■ Your instructions ■
Return all of the listing word for word; the pictures stay out.

*** Opening of Provided records ***

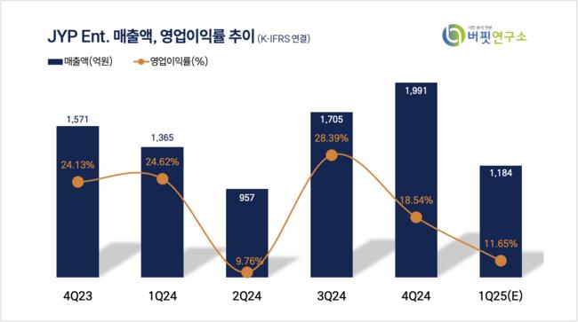 JYP Ent. 매출액 및 영업이익률 추이 [자료=버핏연구소]
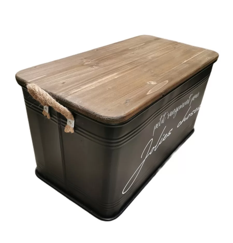 Coffre de rangement qui marie à merveille le sapin massif vieilli et le fer noir avec des points d’oxydation.
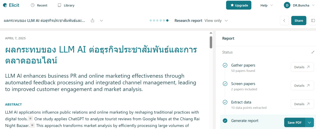 ในประเด็น ผลกระทบของ LLM AI ที่มีต่อธุรกิจ elicit ให้สรุปงานวิจัยที่เกี่ยวข้อง โดยรวมจาก 50 เปเปอร์ที่พบ (เค้าว่าน่ะ) และให้บันทึกเป็น PDF ได้ด้วย
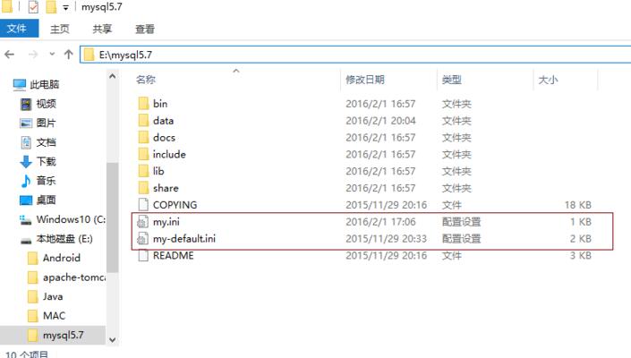 第三步 新建一个my.ini文件,然后用记事本打开输入mysql的基本配置:
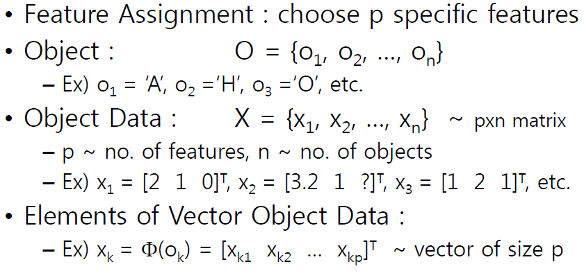 object data(X) 해당 객체의 속성들을 수치로 나열한다. 이는 벡터의 형태로 나열될 수 있다. n개의 객체의 p개의 속성에 대해 패턴 인식을 실시하며, object data x는 p차 벡터로 표현된다.

*** Close of Provided records ***

■ Exercise answer ■
 JYP Ent. 매출액 및 영업이익률 추이 [자료=버핏연구소]
 Coffre de rangement qui marie à merveille le sapin massif vieilli et le fer noir avec des points d’oxydation.
 ในประเด็น ผลกระทบของ LLM AI ที่มีต่อธุรกิจ elicit ให้สรุปงานวิจัยที่เกี่ยวข้อง โดยรวมจาก 50 เปเปอร์ที่พบ (เค้าว่าน่ะ) และให้บันทึกเป็น PDF ได้ด้วย
 第三步 新建一个my.ini文件,然后用记事本打开输入mysql的基本配置:
 object data(X) 해당 객체의 속성들을 수치로 나열한다. 이는 벡터의 형태로 나열될 수 있다. n개의 객체의 p개의 속성에 대해 패턴 인식을 실시하며, object data x는 p차 벡터로 표현된다.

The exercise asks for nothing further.